Domain expert evaluation
From the 33,111 processed abstracts related to the milk case study, the three pipelines extracted a total of 6792 relations, from which 5139 were evaluated by the two domain experts. We need to point out again that all extracted relations were provided to the domain experts, however, they evaluated only those relations for which they have domain expertise. Figure 5a features the number of relations extracted by each pipeline for the milk case study, and the number of relations the experts evaluated. The highest number of evaluated relations were the “contains” relations extracted by the FoodChem pipeline, and the experts were able to evaluate 96% of them (2849 out of 2754). The experts also evaluated 73% of the “treat” and 78% of the “cause” relations produced by the FooDis, 34% of the “cause” relations, and 35% of the “treat” relations produced by the ChemDis pipeline.
Figure 5
Number of extracted and evaluated relations and mean precision of each pipeline for the milk study. The plots have been generated using the plotly python library43, version 5.7.0.
The mean precision for each of the five semantic relations for both domain experts is presented in Fig. 5b separately. In addition, we have also presented the mean precision for each type of relation by averaging the precision across both domain experts. From the figure, we can see that the first domain expert, who evaluated the relations which were supported by a single sentence, identified more incorrect relations than the second domain expert, who evaluated the relations supported by multiple sentences.

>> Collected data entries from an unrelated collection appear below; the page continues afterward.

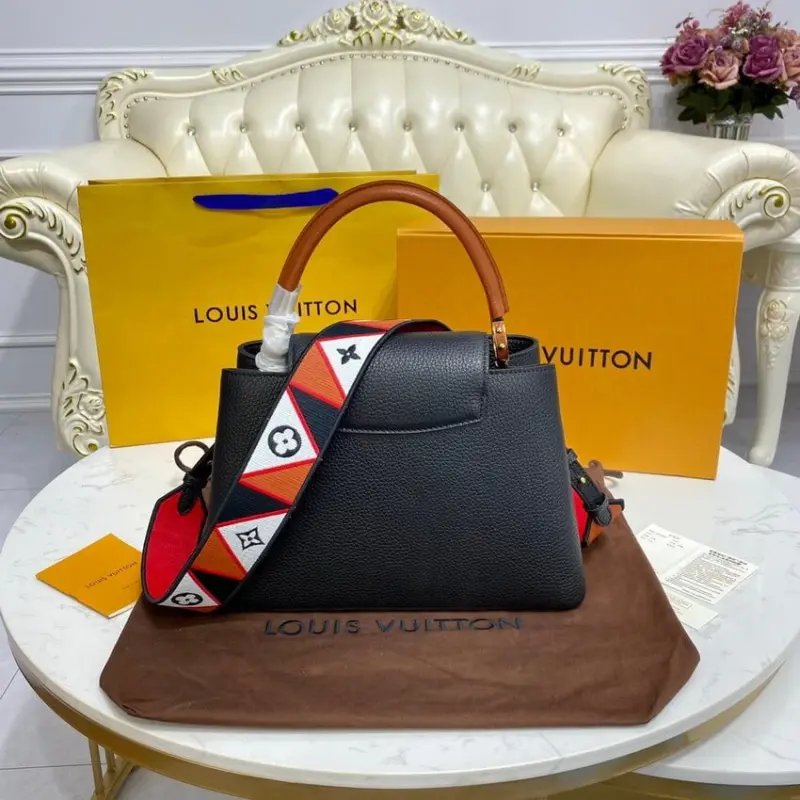 Experience timeless elegance with this beautifully structured top handle handbag. Crafted from luxurious grained Taurillon leather in a striking black hue, this bag is accented with vibrant red details for a sophisticated two-tone effect. Its versatile design features a classic top handle for graceful hand or elbow carry, as well as a wide, detachable strap that allows for comfortable shoulder or cross-body wear.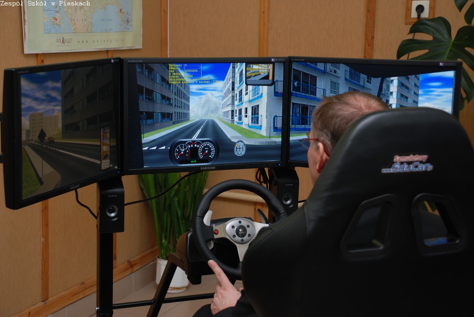 Zachęcała również do nauki matematyki. To ciekawy przedmiot, niestety wiele osób uważa go za bardzo trudny. Zaprezentowała nam naszą bazę dydaktyczną, którą po zakończeniu oficjalnego spotkania goście mogli zobaczyć a nawet wypróbować, jak np. symulator nauki jazdy. Niektórym szło lepiej, niektórym gorzej. Z naciskiem na to drugie. Ale to w końcu tylko symulator. Ciekawym nowym nabytkiem naszej szkoły jest tablica interaktywna, czyli duży ekran projekcyjny zastępujący myszkę i klawiaturę.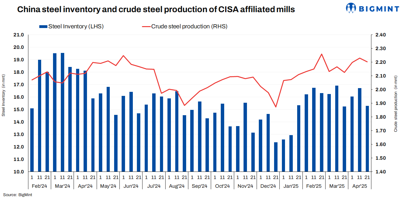 The China Iron and Steel Association (CISA) has announced that the total steel inventory at key Chinese enterprises stood at 15.29 million tonnes (mnt) in late-April 2025. Inventory levels decreased by 1.42 mnt or 8.5% from 16.71 mnt in mid-April 2025. However, the inventory inched up by 60,000 tonnes (t) or 0.4% m-o-m from 15.23 mnt in late-march. Y-o-y, steel inventories declined by 590,000 t or 3.7% compared to 15.88 mnt in late-April 2024.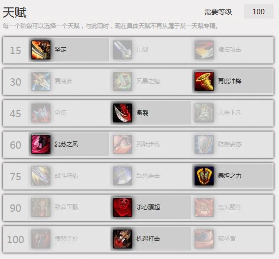 常驻单体天赋:坚定、再度冲锋、撕裂、复苏之风、泰坦之力、杀心骤起、机遇打击。

The overall mean precision for each of the five relations averaged across both domain experts are as follows:
0.51 for the “cause” relation extracted by the ChemDis pipeline,
0.79 for the “treat” relation extracted by the ChemDis pipeline,
0.65 for the “cause” relation extracted by the FooDis pipeline,
0.70 for the “treat” relation extracted by the FooDis pipeline,
0.70 for the “contains” relation extracted by the FoodChem pipeline.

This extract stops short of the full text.